— Source material —
_ _ _

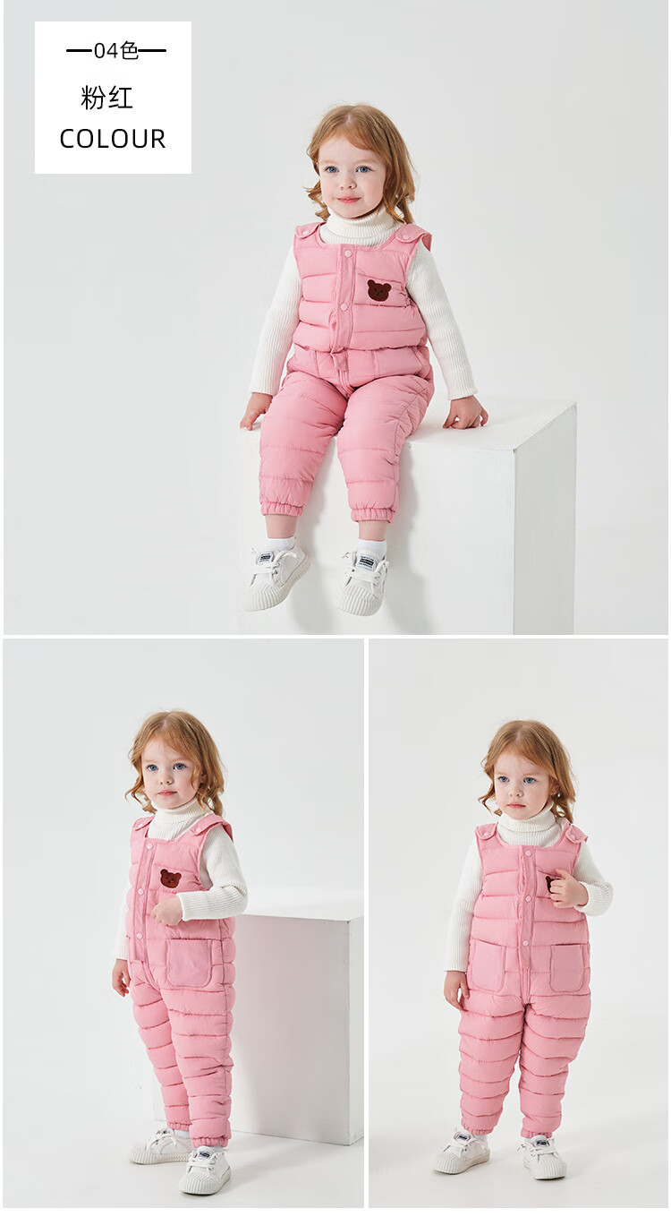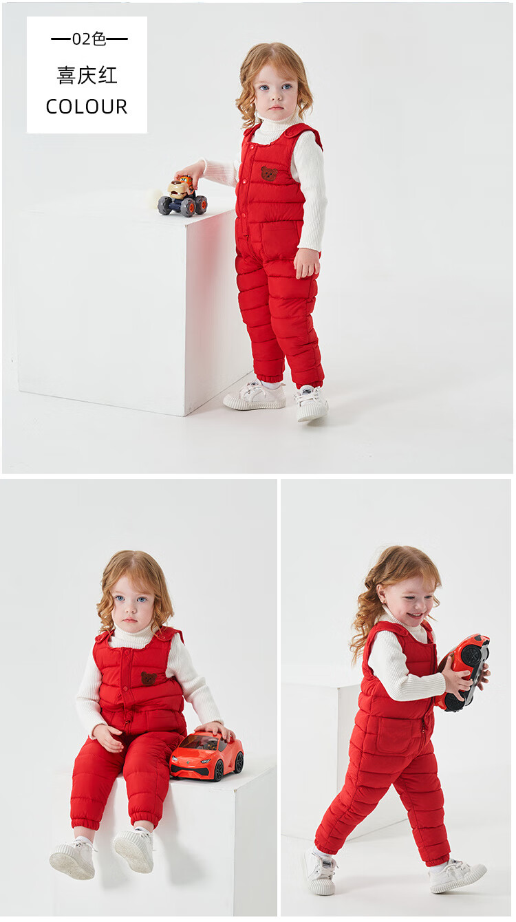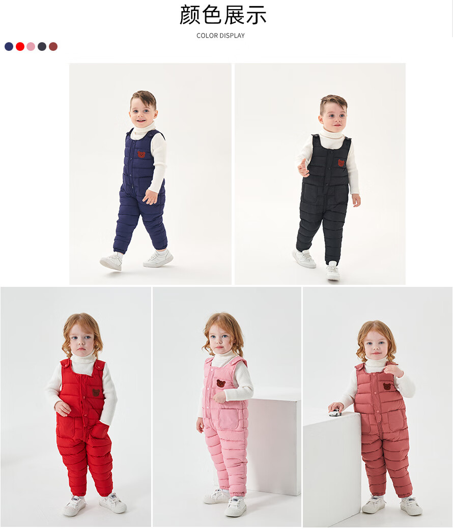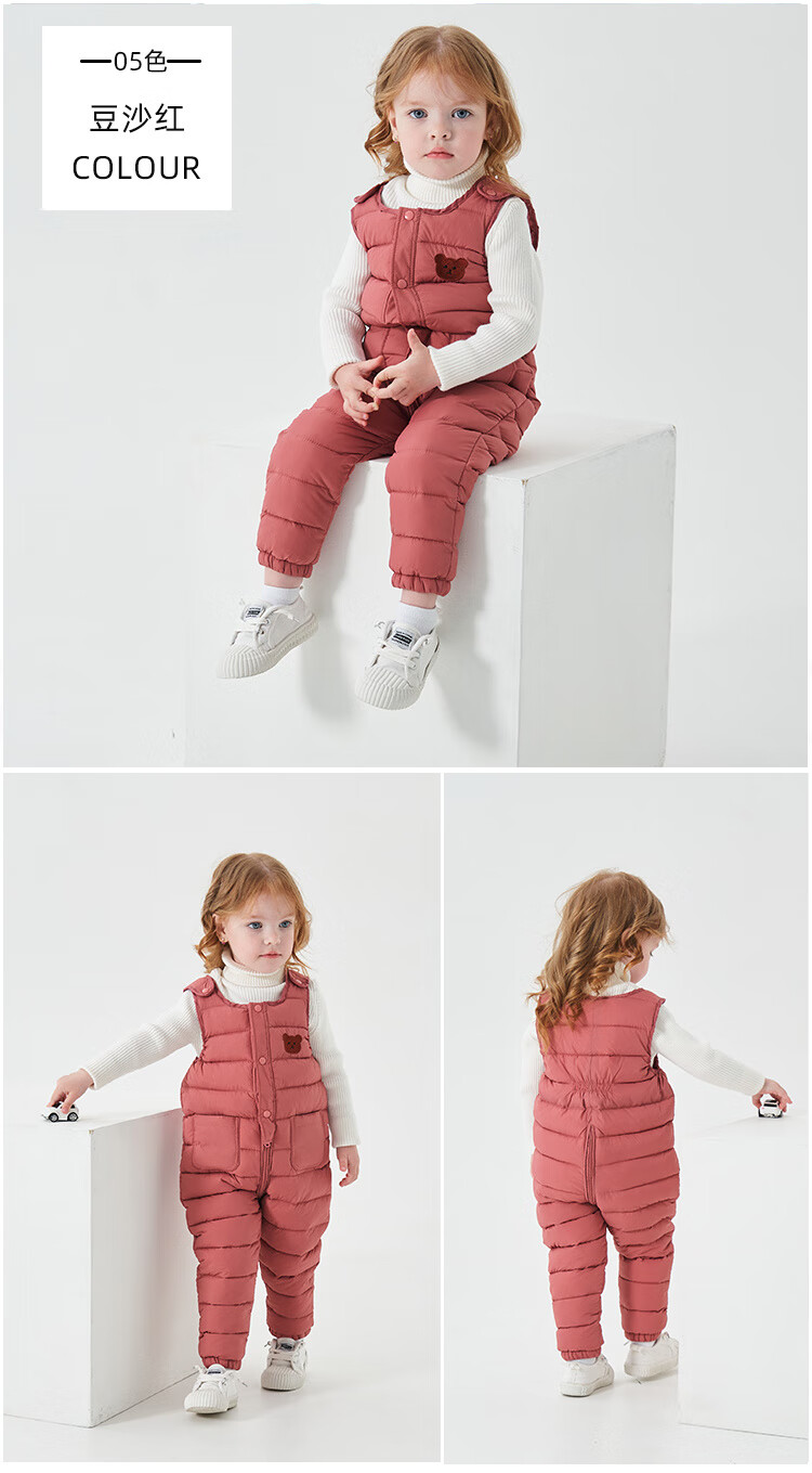 Warm winter baby overalls suit winter outer wear plus velvet for boys and girls baby open jumpsuit down cotton trousers bean paste red (plus velvet) 80 70-80CM
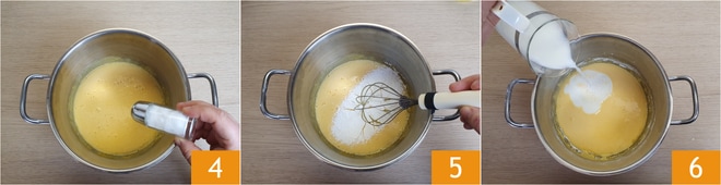 Adicione uma pitada de sal 4, incorpore também o amido de milho peneirado 5, alternando com cerca de um copo de leite quente, retirado daquele que está no fogo 6. Misture com o batedor para obter uma consistência lisa e homogênea.
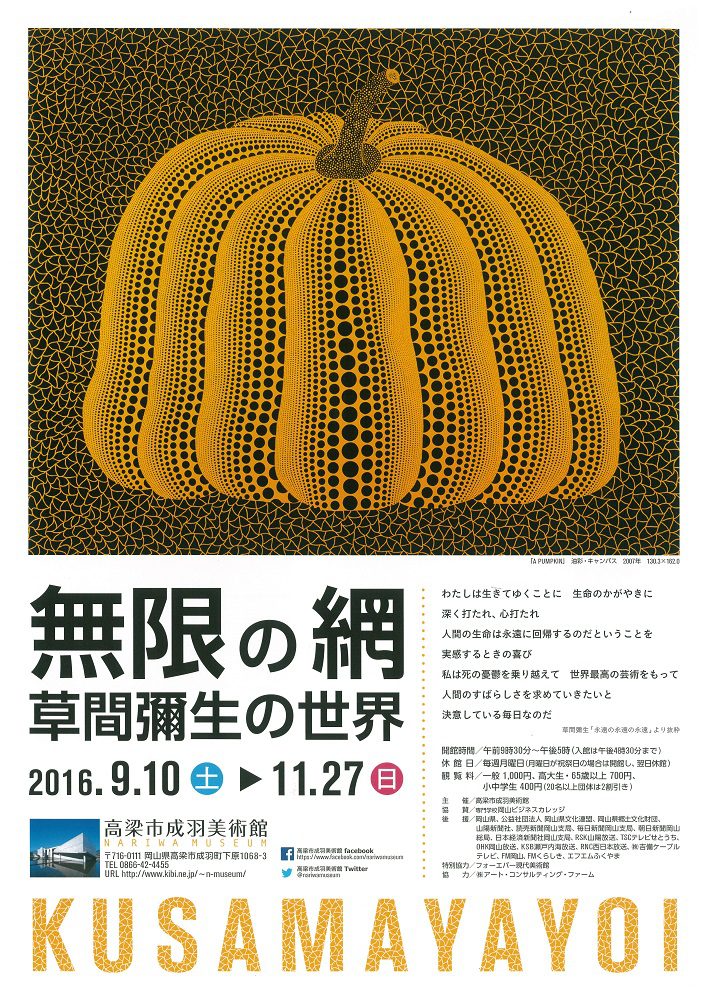 前衛芸術家として世界の美術界の頂点に君臨する草間彌生。1957年に単身渡米し、73年に帰国してから現在に至るまで国内はもちろん世界各国の美術館で大規模な個展を開催、画面全体に網目を描いたモノクローム絵画やソフト・スカルプチャーで高い評価を得てきました。今展ではフォーエバー現代美術館が所蔵するコレクションからオリジナル作品に版画を加え、約140点の作品をご覧いただき草間彌生の世界をご紹介します。
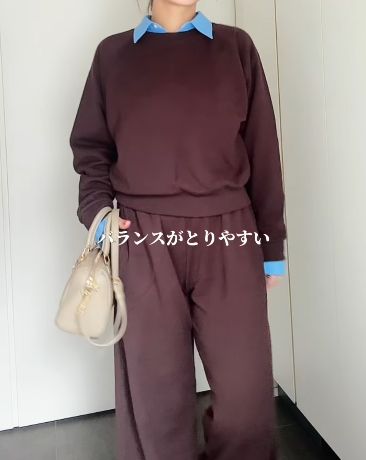 このスウェットは、カジュアルすぎないデザインで、スカートやきれいめパンツにも合わせやすいのが魅力です。 トップスに選んだ深みのあるダークブラウンに、ボトムスにはユニクロの「スウェットワイドパンツ」3,990円を合わせてセットアップに。インにブルーのシャツを合わせて襟と袖を見せることでバランスをとり、リラックス感があるのにきれいに見える着こなしです。スウェットがクロップド丈なので、脚長効果も期待できるバランスの良さが特徴です。

_ _ _

— Work instruction —
Drop the pictures, then repeat the material word for word.

— Exercise response —
 Warm winter baby overalls suit winter outer wear plus velvet for boys and girls baby open jumpsuit down cotton trousers bean paste red (plus velvet) 80 70-80CM
 Adicione uma pitada de sal 4, incorpore também o amido de milho peneirado 5, alternando com cerca de um copo de leite quente, retirado daquele que está no fogo 6. Misture com o batedor para obter uma consistência lisa e homogênea.
 前衛芸術家として世界の美術界の頂点に君臨する草間彌生。1957年に単身渡米し、73年に帰国してから現在に至るまで国内はもちろん世界各国の美術館で大規模な個展を開催、画面全体に網目を描いたモノクローム絵画やソフト・スカルプチャーで高い評価を得てきました。今展ではフォーエバー現代美術館が所蔵するコレクションからオリジナル作品に版画を加え、約140点の作品をご覧いただき草間彌生の世界をご紹介します。
 このスウェットは、カジュアルすぎないデザインで、スカートやきれいめパンツにも合わせやすいのが魅力です。 トップスに選んだ深みのあるダークブラウンに、ボトムスにはユニクロの「スウェットワイドパンツ」3,990円を合わせてセットアップに。インにブルーのシャツを合わせて襟と袖を見せることでバランスをとり、リラックス感があるのにきれいに見える着こなしです。スウェットがクロップド丈なので、脚長効果も期待できるバランスの良さが特徴です。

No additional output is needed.